Shortly after I posted about Rapleaf, the company put out a long, involved explanation and apology on their blog. It was in direct response to this ZDnet article, but they also directly linked back to Marshall Kirkpatrick and me (and at the end, everyone else who blogged about it…smart way to say, “look, we answered!”).
Truthfully, I think they are legitimately trying to capitalize on a market they didn’t create and can’t control, but they went about it in the wrong way.
This morning, Robert Scoble joined in the conversation with a post entitled, “Rapleaf wants your email address.” He says:
Stefanie Olsen at ZDNet News reports on Rapleaf and Upscoop who are collecting email addresses, among other things, from Facebook and other platforms, and reportedly selling them to marketers.
Email addresses? What is this, 1998? You would think the person who has pushed the social network concept to the edge with thousands of “friends” on all the services would immediately understand that this has nothing to do with selling email addresses.

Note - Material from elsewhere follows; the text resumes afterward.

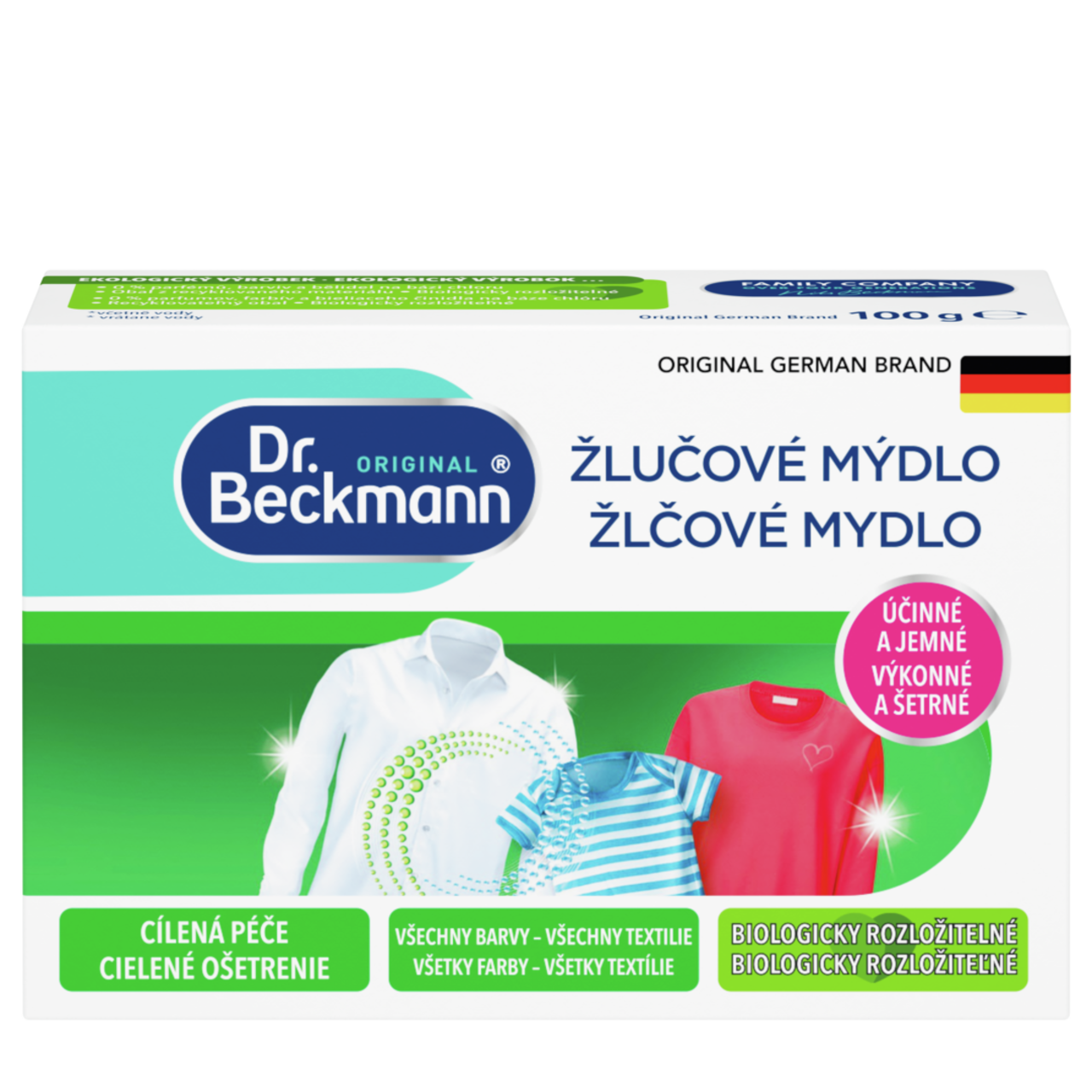 - Žlučové mýdlo Dr. Beckmann vtírejte přímo na skvrnu. Na větší skvrny použijte spodní stranu se strukturou valchy, na cílené odstranění menších skvrn použijte špičatou hranu mýdla.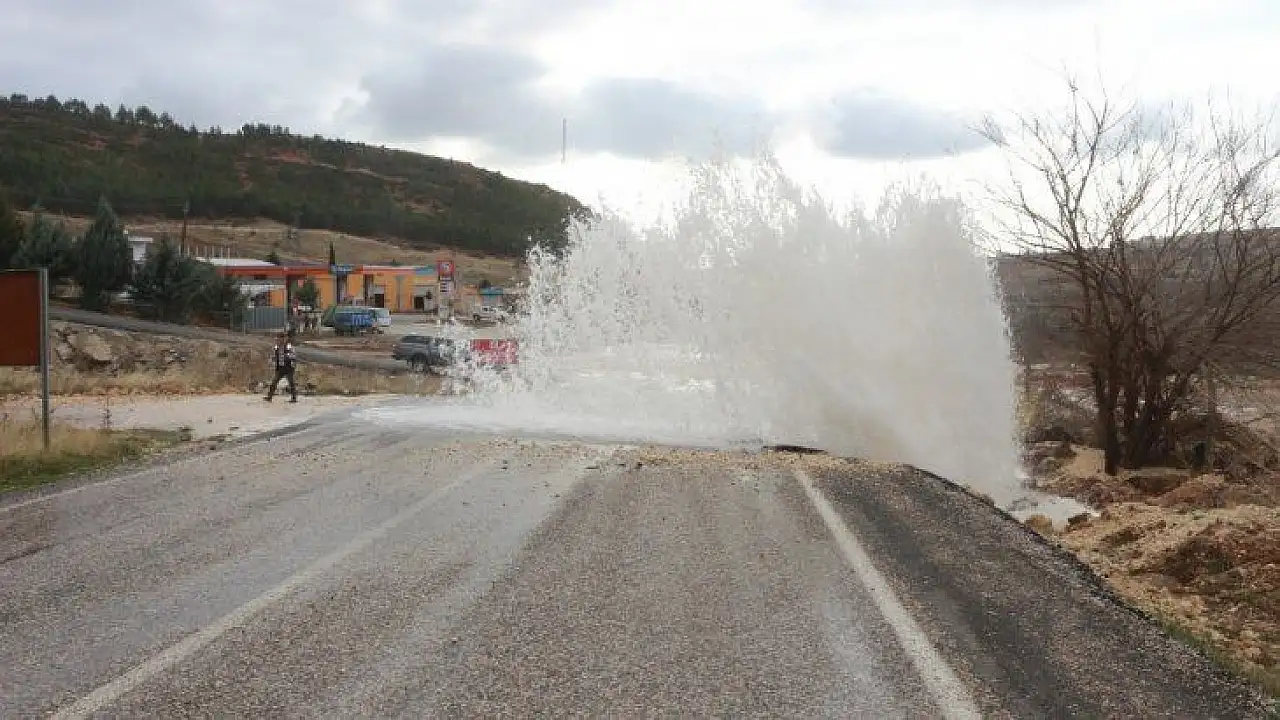 Adıyaman-Malatya Karayolunun altından geçen içme suyu hattında meydana gelen patlama sonrasında yol savaş alanına döndü. Patlayan borudan çıkan sular metrelerce yükseldi.

How much spam do you read a day? Only people who sell Viagra and penny stocks care about buying email addresses. Now marketers (who aren’t automatically “evil”) want to target their efforts towards people who may actually listen. They want profiles in a nice and neat package, and Rapleaf and similar companies are figuring out ways of getting these marketers what they want. They want to target 40 year old men who like gladiator movies. Or, 50 year old women who may be interested in traveling around the world. Or kids just out of college who are looking for their first car.
Your Facebook, MySpace, Amazon, etc. profiles have that information. If you’re not careful with your privacy settings, thanks to companies and services like Rapleaf, these marketers have it too.
10 responses to “Scoble completely missed the point on Rapleaf”
Hi Judy…I’ve been following the Rapleaf stuff for the past couple of days….
Rapleaf’s only part of the problem–there’s also the idea of “lifestreams” (as Steve Rubel wrote about)
and there have been other marketing related services that have been gathering info and selling it for awhile. Back in December I wrote about Umbria’s “Umbria Connect” program, which was/is filtering blogs, gathering up the urls, and then selling the urls (in lots of 25) to marketers. You can check it out here: http://www.umbrialistens.com/products/connect.php
So, what we’re seeing with Rapleaf and others is addressing the needs and desires of marketers–which then, in many ways, impacts our privacy. Because the competition for customers is fierce, and because there’s massive fear of life online (connected to loss of brand control) marketers want to go deeper into our online lives…the rhetoric being to serve us better….
but is that really what’s going on? or is there something else to all of it?
maybe there is.
Yet perhaps we should think more about the “lifestreams” children might be creating online, just as much as we are concerned about our adult “lifestreams”. They’re more vulnerable than us in so many ways.
Marketers will get our information from loads and loads of places–some companies are going to make it easier for them to get it.
Great points, Tish.
We are the ones who are putting this information “out there.” If we don’t want to be marketed based on that information, then I don’t think we can’t blame those companies that are simply compiling and packaging information that is already public.